Ele era um jovem bem-vestido, com cabelo lustroso e escuro,
penteado bem rente à sua cabeça. Enquanto falava, sua
companheira, a garota loira com encantadores olhos fulminantes,
olhava para ele. Suas sobrancelhas, que não eram mais do que
meias-luas finamente desenhadas a lápis, levantavam-se
ligeiramente nos cantos interiores, dando a ela um olhar de
dúvida com mágoa. A luz da lua irradiava intensamente de algum
lugar atrás, aninhando-se em seu cabelo platinado em um halo
perfeito. Ela usava uma bata de organdi brilhante com enormes
mangas bufantes e uma saia que se abria amplamente a partir
dos joelhos. A música irrompia na noite mágica, assim como o
próprio ar que os rodeava. A canção — o tema deles — se
chamava “O Luar na Quinta Avenida”.
“Mas ele vai deixá-lo sem um centavo. Ai, Jeff, você nunca
teve que trabalhar para viver.”
O jovem, no entanto, tinha agora a força de seu amor, e ele
sorriu para mostrá-la. “Eu vou aprender a trabalhar por você,
Meg. Eu quero. Você vai ver… você vai ter orgulho de mim.”
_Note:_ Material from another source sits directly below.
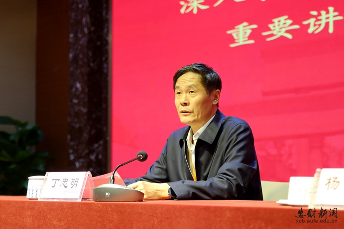 丁忠明在总结讲话中指出,习近平总书记在安徽考察期间的重要讲话指示,高瞻远瞩、总揽全局,为安徽高质量发展指明了方向。全校教职员工要深刻领会重要讲话精神的核心要义,切实用科学理论武装头脑。要把学习习近平总书记考察安徽重要讲话指示精神与学习习近平新时代中国特色社会主义思想结合起来,与学习《习近平谈治国理政》一二三卷结合起来,与学习习近平总书记关于教育的重要论述和全国全省教育大会精神结合起来,做到学深悟透、融会贯通、真信笃行;要聚焦学校中心工作,切实用实际行动推动事业高质量发展。要牢牢把握学校第六次党代会确立的发展目标,进一步明确办学理念和办学思路,坚持把科学发展作为办学兴校的第一要务,把改革创新作为办学兴校的第一动力,把人才资源作为办学兴校的第一资源,把党建和思想政治工作作为学校事业发展的根本保证,紧紧抓住地方特色高水平教学研究型大学这个建设目标不动摇、不懈怠,促进学校各项工作稳重有进、进中趋优;要科学制定“十四五”规划,切实用创新思维谋划美好愿景。要广泛征求各方意见,凝聚广大教职员工、校友代表、在校学生、用人单位的智慧和建议,把社会期盼、专家意见、群众智慧、基层经验充分吸收到规划当中来。各单位各部门要进一步提高政治站位、加强调研、统一思想、明确思路,为规划编制工作出计献策,齐心协力把“十四五”规划编制好,为学校未来五年的发展谋篇布局、贡献智慧;要压紧压实主体责任,切实用优良作风全面落实立德树人根本任务。要持续深入推进全面从严治党,综合运用巡视成果,把巡视整改融入工作的全过程中去。学校党委及各级党组织要建立健全作风建设责任体系,层层传导压力,不断加强组织领导和督促指导,统筹推进常态化疫情防控和教育教学改革等各方面工作,健全立德树人体制机制,全面落实立德树人根本任务,把立德树人融入到教育教学的全过程各环节中去,全面提升育人能力和育人质量。

A garota ergueu o olhar para o dele e, embora tivesse os
olhos úmidos, seu rosto estava tranquilo. “Mas não é tão simples.
Você nasceu para…” — seu movimento compreendeu a varanda
de gesso em que eles estavam, a mansão ao fundo, os acres de
gramado aparado, as fontes, as duas taças de champanhe pela
metade no corrimão — “… para tudo isto. Você consegue ao
menos imaginar como é morar em um apartamento com água
fria?”
“Seria o paraíso… com você.”
“Ah, Jeff, seu pobre — e romântico — bobinho!”
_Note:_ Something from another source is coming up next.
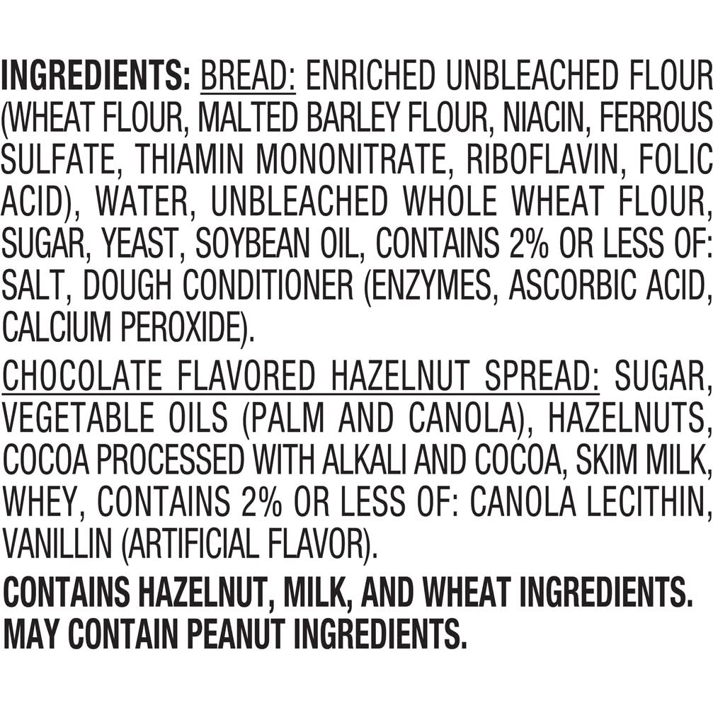Ingredients: Bread: Enriched Unbleached Flour (Wheat Flour, Malted Barley Flour, Niacin, Ferrous Sulfate, Thiamin Mononitrate, Riboflavin, Folic Acid), Water, Unbleached Whole Wheat Flour, Sugar, Yeast, Soybean Oil, Contains 2% Or Less Of: Salt, Dough Conditioner (Enzymes, Ascorbic Acid, Calcium Peroxide). Chocolate Flavored Hazelnut Spread: Sugar, Vegetable Oils (Palm And Canola), Hazelnuts, Cocoa Processed With Alkali And Cocoa, Skim Milk, Whey, Contains 2% Or Less Of: Canola Lecithin, Vanillin (Artificial Flavor). Contains: Contains Milk, Hazelnut And Wheat Ingredients. May Contain Peanut Ingredients.
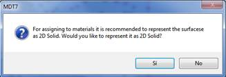 This command allows one to consult or modify the information about a surface’s triangle types. Firstly, a message appears enabling us to select the type of surface representation, 2D solids or polylines; we recommend working with 2D solids in order to take full advantage of the different colors of the materials.

Enquanto “O Luar na Quinta Avenida” tocava calmamente,
eles se abraçaram. Os olhos impetuosos se abriram e fecharam,
provavelmente em êxtase. Um saxofone gemeu. Os violinos, uma
centena deles, avolumaram a noite com uma vibração inebriante.
E então, como se tivessem sido banidos pelo enorme ruído, a
varanda, a mansão, e, finalmente, os próprios amantes
desapareceram de vista. Em seu lugar, apareceu um homem
com um sorriso tenso e círculos sob seus olhos…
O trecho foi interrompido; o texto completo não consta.